My friend is actually trading small amounts of crypto and he reinvests his profits by buying crypto. Therefore he not regularly transfers his profits into his personal bank accounts in Germany or Australia and if he do so it will be around 1k probably.

So, now the question is, how much crypto will your friend be selling and how often? If volume is high, it might make sense to set up something with substance somewhere, and perform the trading activity through that place.

I am curious what you would consider a high amount? Also does it make any difference if someone is trading a 50k account once a month or a 5k account 100 times a months? Would you start to set up something with substance when you trade a 10k account?

I know that for a lot of people it is not that much money, but it is possible to make a living from the profits of a 10k trading account.

1. Every country has its own rules for tax residency. So you can end up in a situation where you are tax resident in no country.
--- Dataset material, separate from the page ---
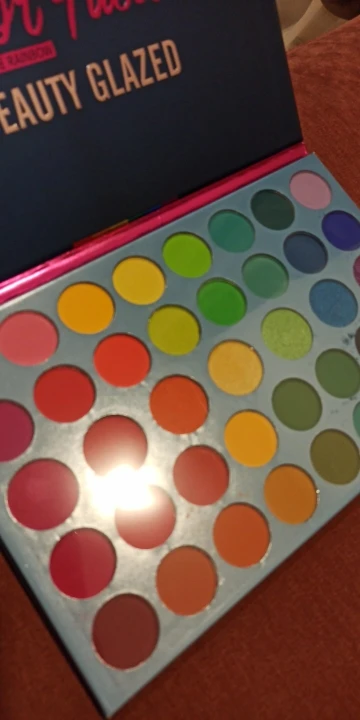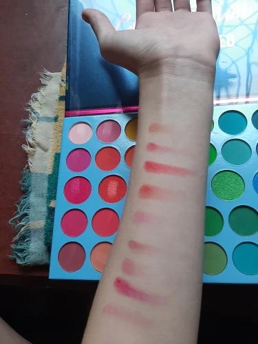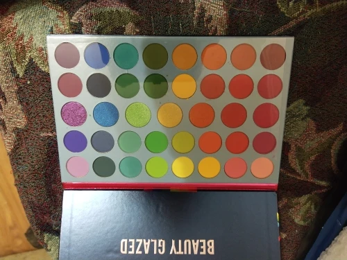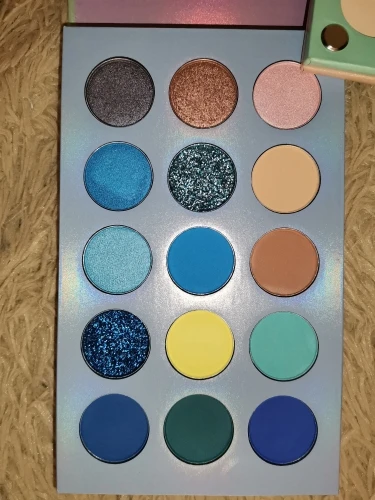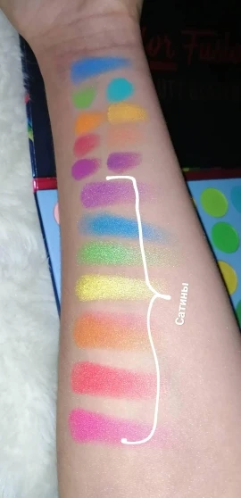 Палетка прекрасная, пигментация просто топ. Конечно, есть цвета, которые совершенно не яркие, меловые, но не сильно страшно. Порадовала зелёная гамма, цвета яркие, не грязные. Глитеры супер, блёстки не падают, липковатая текстура, но не смертельно. В деле ещё не пробовала, наносить скорее всего нужно будет на подложку, но, думаю, и без неё будет ярко. Но доставка огорчила, тени шли больше трех месяцев.

But this can create its own problems because banks etc. expect you to live somewhere and be tax resident somewhere.

That's right, but most people already have a few bank accounts before they leave there tax residence, so they can simply keep there bank accounts. It is also possible to open up bank accounts without the need to show your tax residency. In Georgia it should be possible to open up a bank account only with a passport.

4. It's important to give the broker the correct information. If his broker still thinks he lives in Germany (because he didn't update his address), he could end up paying only 15% in US taxes, instead of 30% (because the US thinks he will pay the rest in Germany). That would be tax fraud in the US.
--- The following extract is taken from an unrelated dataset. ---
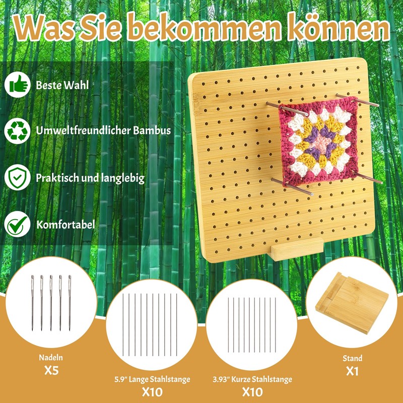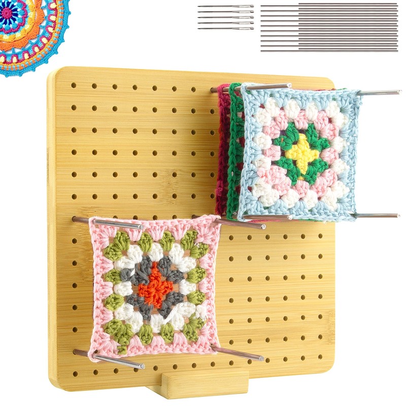 - Granny Square Blocking Board Kit: there are bamboo crochet blocking boards and a solid base, 20 pieces stainless steel rod needles and 5 needles to meet your necessary needs for DIY crochet. It is a good choice for knitting lovers, mothers and grandmothers. Ideal for blocking grandma squares. A blocking board can make your knitting more professional.

That's difficult, because for most people it is simply out of there imagination to don't be registered somewhere. What do you think will be the response when someone contacts there exchange/broker to tell them that he or she is not living in there country anymore and that they can not provide an alternative address?

I guess that there will be a buerocracy loophole and people simply dont know how to deal with this situation, so they may decide to restrict there account. My experience is that you only have trouble with these special situation because the system is simply not made for such an amazing lifestyle.

---

Here a short summary because you both agreed that it is a possible setup:

It is legal to live in Thailand and to pay 0% tax on trading profits (it doesn't matter how high these profits are), because Thailand is a territorial tax system and the profits are gained outside of Thailand. As soon as these profits are very high, it is necessary to have a bank in a country with 0% income tax. It only requires a bank in this 0% income tax country, because in this case there is no permanent tax residency. I think it should be much easier to open up a bank account in a 0% income tax country then to get a permanent residency or citizenship.

That means it is possible to make unlimited profits and to pay 0% tax while living in a territorial tax system country, is that right? However this only works for very experienced and profitable traders, because they dont need to write invoices and deal with customers and they can work remotely.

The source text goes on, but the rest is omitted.